Ruiny Sokovii [ZIEMIA]
-
-
-
-
-
-
-
-
-
-
-
-
-
-
-
-
-
Chwilę po tym jak zapukała do włazu, można było usłyszeć skrzypienie podłogi wykonanej najprawdopodobniej z drewna. Starego drewna. Usłyszała też szepty. Niestety nie może usłyszeć o czym mówią, Serum Super Żołnierza nie daje aż tak wyostrzonego zmysłu słuchu. Ultron tymczasem przygląda się z bezpieczniej odległości w krzakach.
-
Lekko się cofnęła, w razie jakby mieli zrobic coś dziwnego, jak wyrzucenie wiązki granatow czy serii z karabinu. Przerabiała to nie rsz i nie dwa. Cholerne Ardeny, linia Gotow i Wał Pomorski.

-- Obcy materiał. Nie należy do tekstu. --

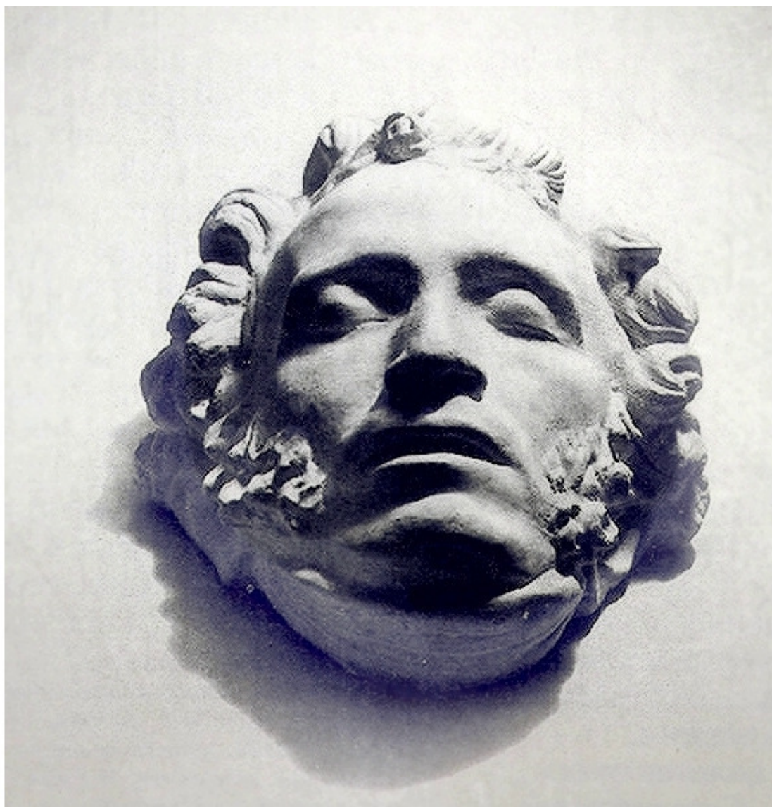
Посмертная маска А. С. Пушкина

Посмертные маски, сделанные профессиональными скульпторами, считаются предметом искусства, который, на наш взгляд, должен иметь ограничения в распространении и демонстрации.
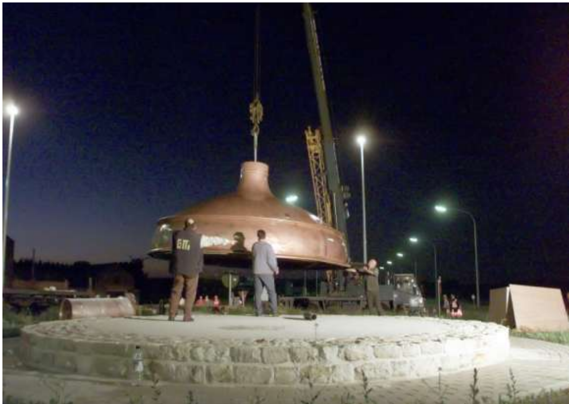
De brouwketel zal in juni 2000 geplaatst worden

TOCH BROUWKETEL – Er zou nu toch een brouwketel komen op de nieuwe rotonde in Altenaken. Het wordt een verlichte ketel die bijna geheel
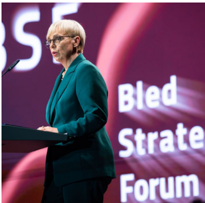
Nagovor predsednice države Nataše Pirc Musar

Dotaknila se je slovenskega predsedovanja Varnostnemu svetu Organizacije združenih narodov (OZN) in načel, ki jih bomo kot država zagovarjali, vključno z iskanjem poti iz bližnjevzhodnega konflikta. »Delali bomo kljub občutku nemoči, tudi ko bo veto izglasovan. In če bomo med razpravo slišali 'WCNSF', se bomo še bolj potrudili,« je dejala ob uveljavitvi nove uradne kratic v zdravstvenem besedišču Gaze in razložila njen pomen: »WCNSF stands for Wounded Child, No Surviving Family,« (prevod: ranjen otrok, brez preživele družine) – to vzbuja občutek obupa. »Najmanjši skupni imenovalec svetovnega reda je lahko samo en – mir,« je nagovor sklenila ministrica Fajon.
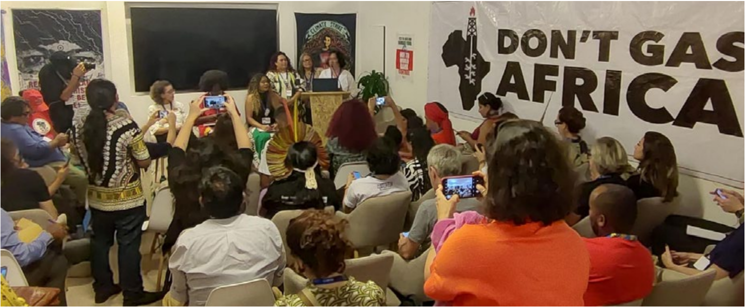
Lanzamiento de la cupula dos povos, cumbre de los pueblos COP30 en Brasil 2025
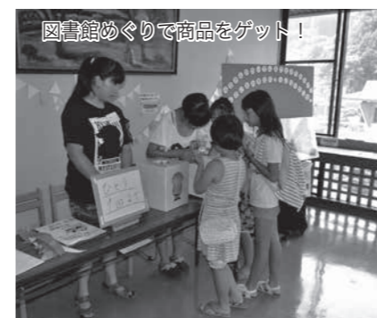
図書館めぐりで商品ゲット!

「いったい工作体験、さかなつり」「へーんしん」「本の福袋」と「しかんめぐり」「はらべこあおむしをそだてよう」「売店」などのイベントを開催し、多くの皆さんに楽しんでいただきました。図書館まつりは、前日準備から最後の片付けまで、ボランティアの皆さんの力をお借りして開催しています。ご協
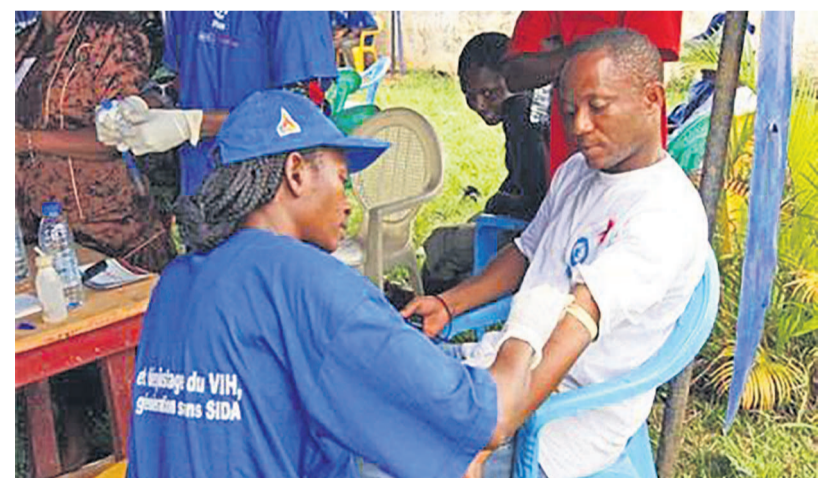
Des malades atteints par le VIH-Sida

L'engagement du gouvernement a été pris récemment par le ministre des Finances lors du lancement de la subvention 2018-2020 du Fonds mondial de lutte contre le sida, la tuberculose et le paludisme à Kinshasa. Henry Yav a confirmé la détermination de la RDC d'allouer au moins 20% du montant de ces fonds aux programmes des
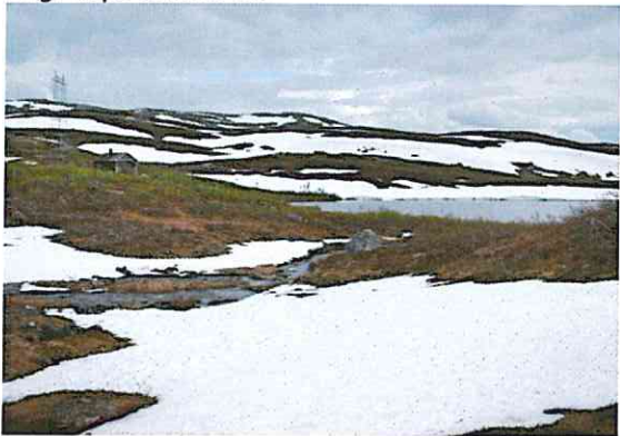
1.Juli ved Finntjønnhytta

Det ble en sen vår med masse snø og is i fjellet til langt utpå sommeren.
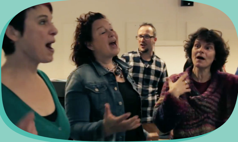
Deskundigheidsbevordering voor leerkrachten

“We wisten niet dat muziek zo leuk kon zijn. Iedereen kan het! Kinderen én leerkrachten zijn enthousiast. Het geeft ons energie!”
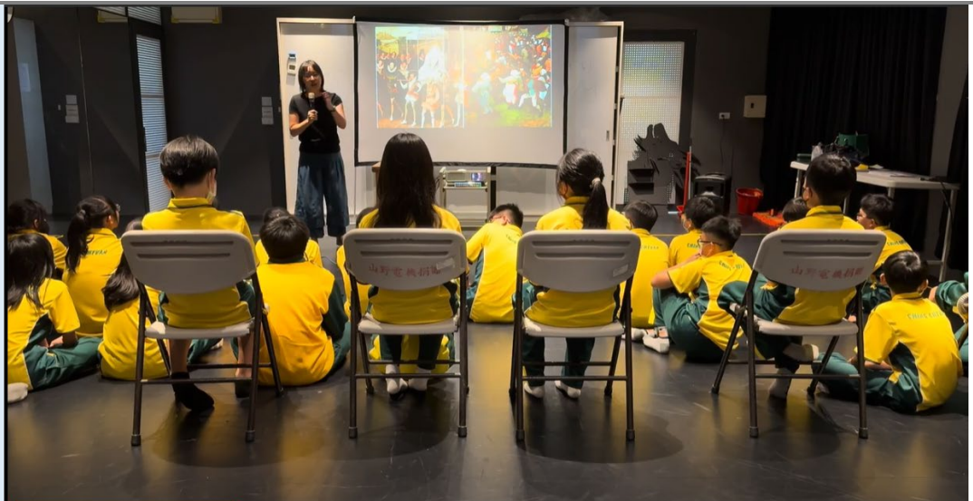
(古代劇場觀眾階級介紹。)
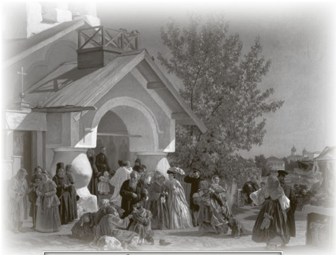
«Выход из церкви в Пскове». Картина худ. А. И. Морозова (1864)

раздражался, не гневался, ни на кого не сердился, не пил и не курил, никогда не болел и умер в 93 года, причем, по особой милости Божией, знал о дне своей кончины.
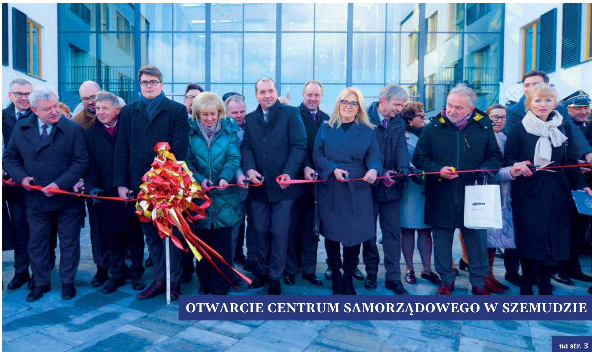
OTWARCIE CENTRUM SAMORZĄDOWEGO W SZEMUDZIE

DOWIEDZ SIĘ WIĘCEJ NA STRONIE WWW.EXPRESSBIZNESU.PL
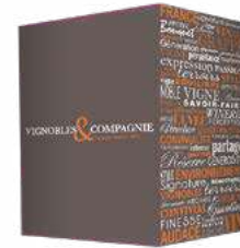
BIB avec affichette carton personnalisable
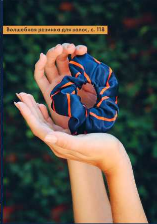
Волшебная резинка для волос, с. 118
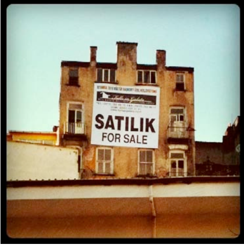
Tophane for Sale (2010)

Caddede yer alan özel mekânlar yatırım ve rant amaçlı uluslararası yatırımcıların portfolyolarında hızla yer alırken, caddenin kendisi ve cadde boyunca yer alan kamusal mekânlar da (meydanlar, sokaklar, gökyüzü, bina cepheleri vs.) ulusal ve uluslararası markaların pazarlanması için geçici olarak özelleştirilmekte. Bu geçicilik, sermayenin zaman ve mekân tanımazlığı ile süreklilik ve kalıcılık kazanmakta. Yılbaşı aydınlatması olarak ortaya çıkan ama artık bütün sene boyunca kaldırılmayan kilometrelerce uzanan reklam içerikli ışıklı süslemeler; Taksim, Galatasaray ve Tünel Meydanları'nda köşe kapmaca oynayan, farklı markaları tanıtan devasa ürün maketleri; yine bu meydanları ışıklatan gerilla-art olarak ortaya çıkan ama reklam sektörü tarafından evcilleştirilen bina yüzeylerine projeksiyonlar caddenin değişmez dekorları olarak yerlerini almakta. Kamusal mekânda kent heykellerinin yanında konumlandırılan reklam enstalasyonları kamusal/özel, sanat/reklam, izleyici/tüketici ayrımlarını silikleştirerek sadece mekânın fonksiyonlarını değil mekânın kendisini de ticarileştirmekte.
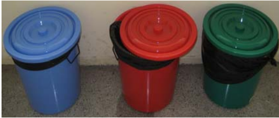
ภาพที่ 7 ภาชนะรองรับภายในอาคาร บริเวณหน้าห้องเรียน ชั้น 2 อาคารบรรณารักษ์ศาสตร์

ขยะจากภายในอาคาร จะมีภาชนะรองรับ 3 ถัง คือ ถังสีน้ำเงินรองรับขยะเปียก ถังสีแดงรองรับขยะแห้ง และถังสีเขียวรองรับขยะรีไซเคิล โดยมีถุงสีดาร์องไว้ในถังเพื่อป้องกันการเคลื่อนย้ายไปกำจัด (ภาพที่ 7) ซึ่งพนักงานทำความสะอาดประจำอาคารแต่ละอาคารจะนำขยะที่รีไซเคิลได้ไปขายที่ธนาคารวัสดุรีไซเคิล ขยะแห้งและขยะเปียกจะนำไปเก็บรวบรวมกันไว้ที่โรงพักขยะชั่วคราว ซึ่งตั้งอยู่ริมกำแพงใกล้สนามเทนนิสของมหาวิทยาลัย
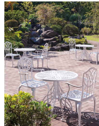
ご入居者さま同士での会話やティータイム、 読書などを楽しめる開放感いっぱいのテラス
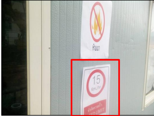
ภาพที่ 24 ป้ายจำกัดความเร็ว
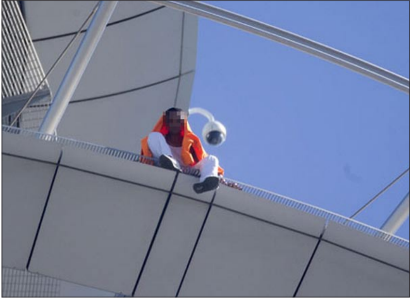
الرجل على حافة أعلى مبنى في نيوزيلندا

نيوزيلندا - د.ب.أ: توقف المرور لأكثر من خمس ساعات في أكبر مدينة بنيوزيلندا امسس فيما كانت الشرطة تتفاوض مع رجل هدد بالقفز من الطابق الـ 54 لأعلى مبنى في البلاد. وقالت وسائل اعلام محلية ان الرجل الذي ربما كان يشارك في رياضة للقفز قام بلكه أحزمة الأمان وجلس على حافة منصة وبدأت عليه حالة من الهلع بينما كان شهود العيان يراقبونه في حالة من الرعب. وتمكن محققو الشرطة وأحد القساوسة من اقناع الرجل بالنزول من المبنى. وهلت الحشود في الشوارع أسفل مبنى «سكاي تاور» في أوكلاند بينما جرت تسوية المسألة وأعيد فتح الطرق.
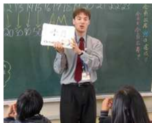
外国語指導助手を活用した英語授業

Nie przyfaly się im, ale spełniały rolę dla nieprzyjaciół.
-
Po krótkim wspomnieniu o blokadach, które teoretycznie miały działać, ale praktycznie były bezużyteczne, Felice usłyszała spod włazu przytłumiony z oczywistych powodów, żeński, niski głos:
-Kto tam? Podać kod! - powiedziała ostro. -
-Właśnie to ty podaj kod i pokaż się! Co ty sobie myślisz, oficera wkurzać?! Uwierz mi, nie mam najleszego dnia! Nieprzyjaciel postanowił zrobić sobie rajdy na mój oddział! Została nas garstka, więc możę otworzysz i się posuniesz? - odpowiedziała pewnie i twardo, jak dawniej na swoich podwładnych. To powinno chociaż trochę ją ruszyć.